= Francesco Ciullo =

Italian professional footballer

Francesco Ciullo (born 30 September 1979 in Marghera) is an Italian former professional footballer who played as a forward.

==Football career==
Ciullo started playing professional football in 1997 with his hometown team S.S.C. Venezia. The next season, he went out to Sandonà (Serie C2), where he played 32 games and he scored 10 goals.

After a year Ciullo returned to Venezia team, with which he played two games, but did not score any goals.

The next season, Ciullo was engaged by A.C. Reggiana, and had a productive Lega Pro Prima Divisione season with his new club, scoring one goal in ten league games.

Ciullo later signed on with Ascoli Calcio where he played 24 games and scored one goal.
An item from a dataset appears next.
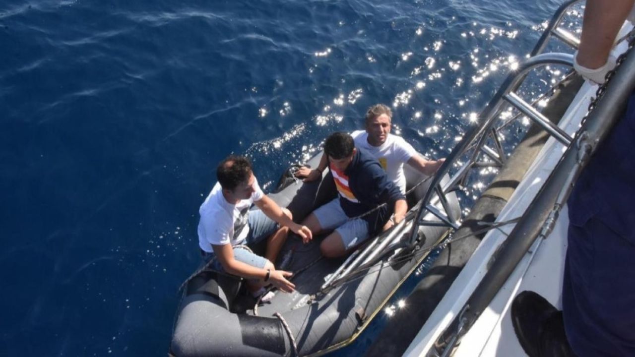 Kuşadası açıklarında 28 Eylül günü devriye görevi yapan Sahil Güvenlik ekibi, içinde 3 kişi bulunan lastik botu fark etti. Sahil Güvenlik ekibi, bottaki O.Y. (34), F.K. (31) ve E.G.'yi (32) kendi botlarına aldı. Yasa dışı yollardan Yunanistan'ın Sisam Adası'na geçmeye çalıştıkları belirlenen şüphelilerden O.Y. ve F.K. kendilerini yazılımcı, E.G. ise mobilyacı olarak tanıttı. 3 şüpheli, Kuşadası'nın Güzelçamlı Mahallesi'nden sabah saatlerinde dalış yapmak için denize açıldıklarını öne sürdü. O anlar DHA ekibi tarafından anbean görüntülendi. Şüphelilerden E.G. röportaj yapmak istemezken, bir diğer şüpheli F.K. ise, "Dalış yapıyorduk. Aramızda iddialaştık. Tecrübemiz yok. Ufak ufak botla buraya kadar geldik" dedi.
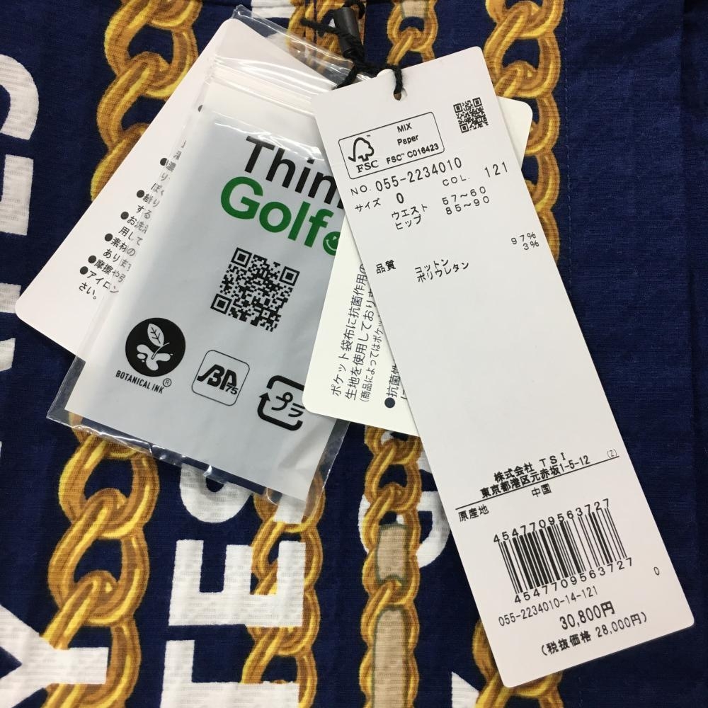 【新品】パーリーゲイツ スカート ネイビー×ゴールド チェーン柄 凸凹生地 サイドファスナー レディース 0(S) ゴルフウェア PEARLY GATES

Next year Ciullo changed again, to play with the U.S. Triestina Calcio team (Lega Pro Prima Divisione). Here he played for three years making 40 appearances and scoring 8 goals.

After two years with Arezzo team and Pavia team, Triestina bought him again and he returned to his old team where he collected a presence even in Serie B. After this bad experience he tried to return to play in the Pro League First Division and Pisa Calcio engaged him. In Pisa he played in 15 games.

After some bad seasons, Ciullo went to play in Series D with the Jesolo team. He is one of the reserve players in the Jesolo but comes into play when needed and does a nice work. In the current season Francesco Ciullo made over three goals even though he played very little, and he is proving one of the strongest players in the series.